Newspaper Editors On MI6 Payroll
Ever wondered why the British media slavishly follow the official Government line on everything. Why they seem to churn out endless reams of fantical right wing propaganda, packaged as 'news'?
I can tell you why. It's because they're on the MI6 payroll, that's why!
At least two of Britains top newspaper editors are in fact MI6 spies.
They are, Dominic Lawson, editor of The Sunday Telegraph, and Peter Stothard, editor of The Times.
They're paid for their services through a department of MI6 known as "Department I Ops", (department of information operations).
The usual arrangement for such increasingly common operations is MI6 matching their current salary. The money is paid monthly, through a secret offshore bank account, set up in a false name, and physically impossible to trace.
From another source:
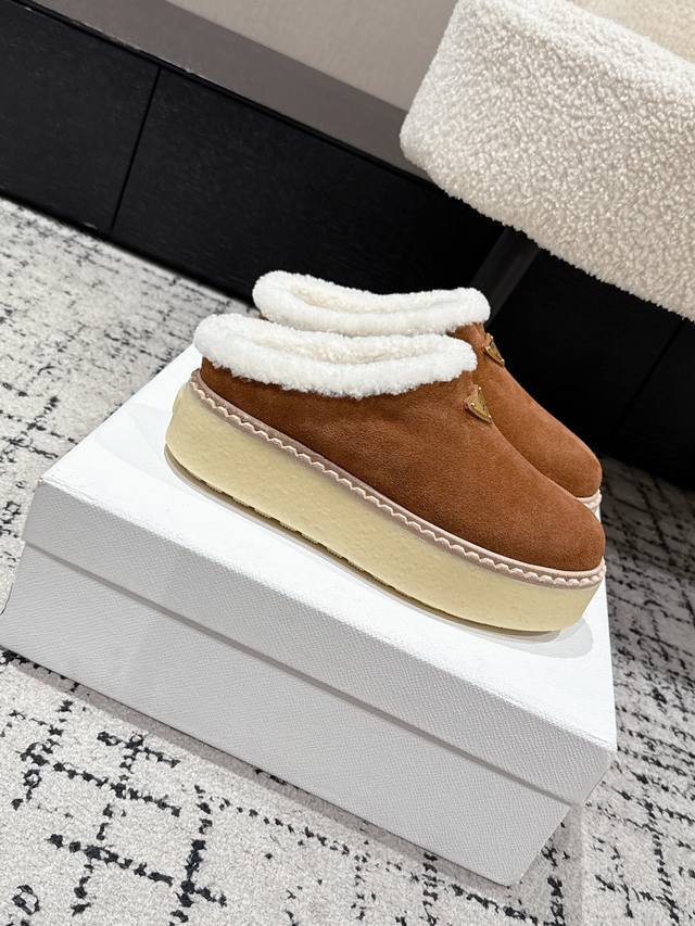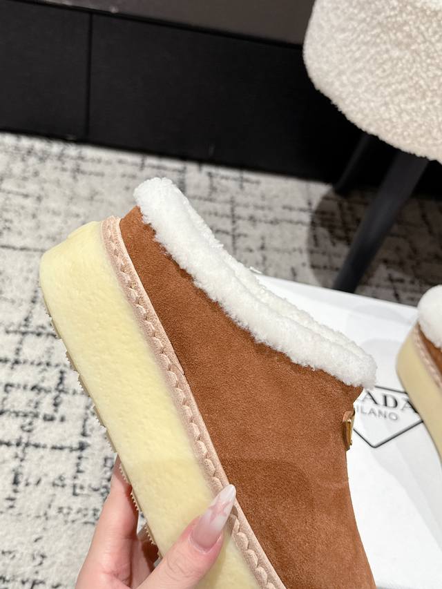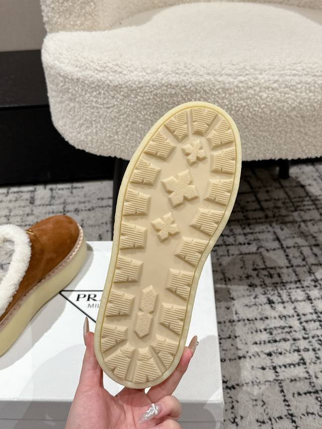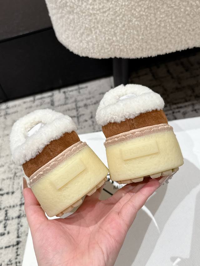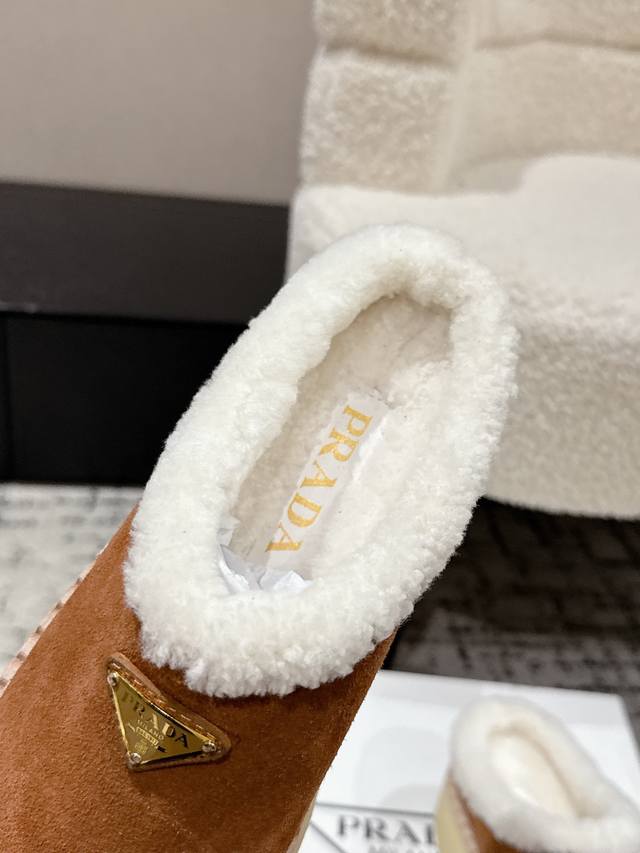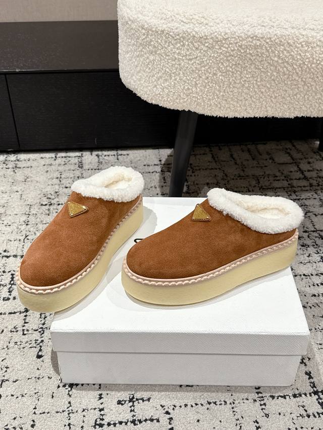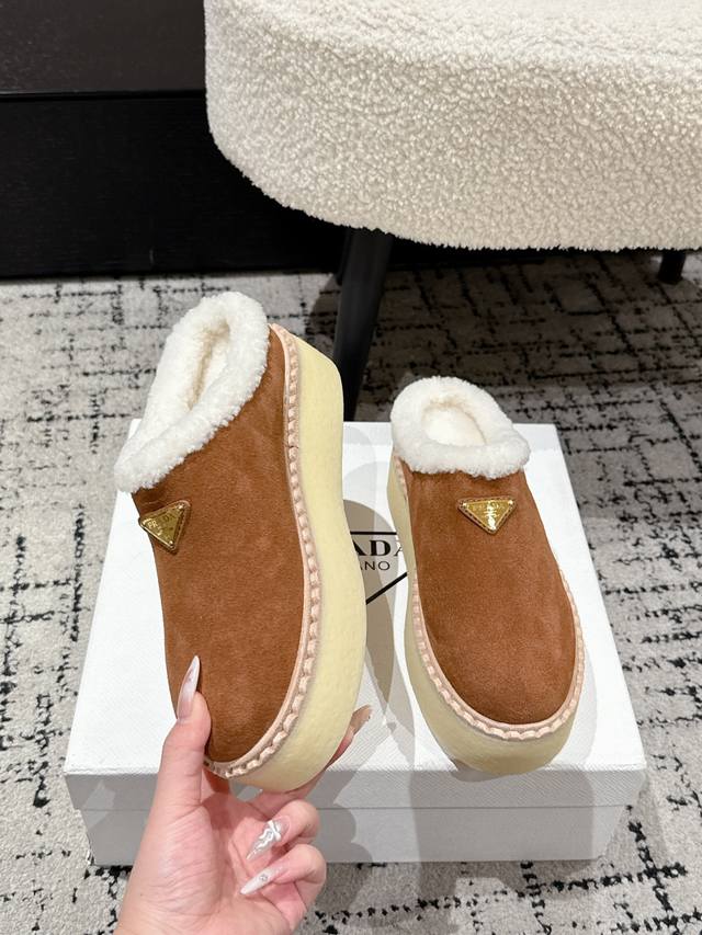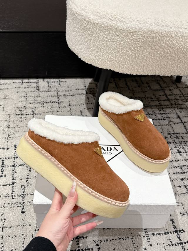 代购级 prada普拉达 25 厚底 休闲 羊毛半拖 DDD 这款运动鞋延续经久不衰的轮廓,是新款经典单品 采用麂皮 精心制作, 提升格调 款式轻盈,搭配三角扣标志加5Cm厚底 四季皆宜,可与各式休闲造型搭配,在各种风格充斥眼球的时代,最能长久陪伴搭配的 一点一点俘获人心 DDD 面料: 进口麂皮 DDD 内里: 羊羔毛 DDD 大底: Tpu防滑大底 +真皮沿条 DDD 底厚: 5Cm DDD Size:#35-41 40 41订做不退换 DDD

In return, these agents, or "assets" as they're known, are expected to "keep their eyes open", and keep their secret paymasters informed about both their work, and their colleagues.
There's nothing new in any of this, it's been going on for years. As Jon Snow, Channel 4 news anchorman, is well aware. He's publicly gone on record, detailing MI6 attempts to recruit him.
In 1976, when Snow first joined ITN, he was secretly summoned to room 055, in the Ministry Of Defence. He was asked to keep MI6 informed of his work, and his colleagues, for which he'd receive the usual sum (matching his salary), paid into a secret bank account, so that he'd have to pay no tax (yes the Government actively supports tax dodging amongst it's own).
Jon Snow refused the offer (unlike Lawson and Stothard) and, to this day, is very suspicious of any colleagues that slavishly follow the Government line.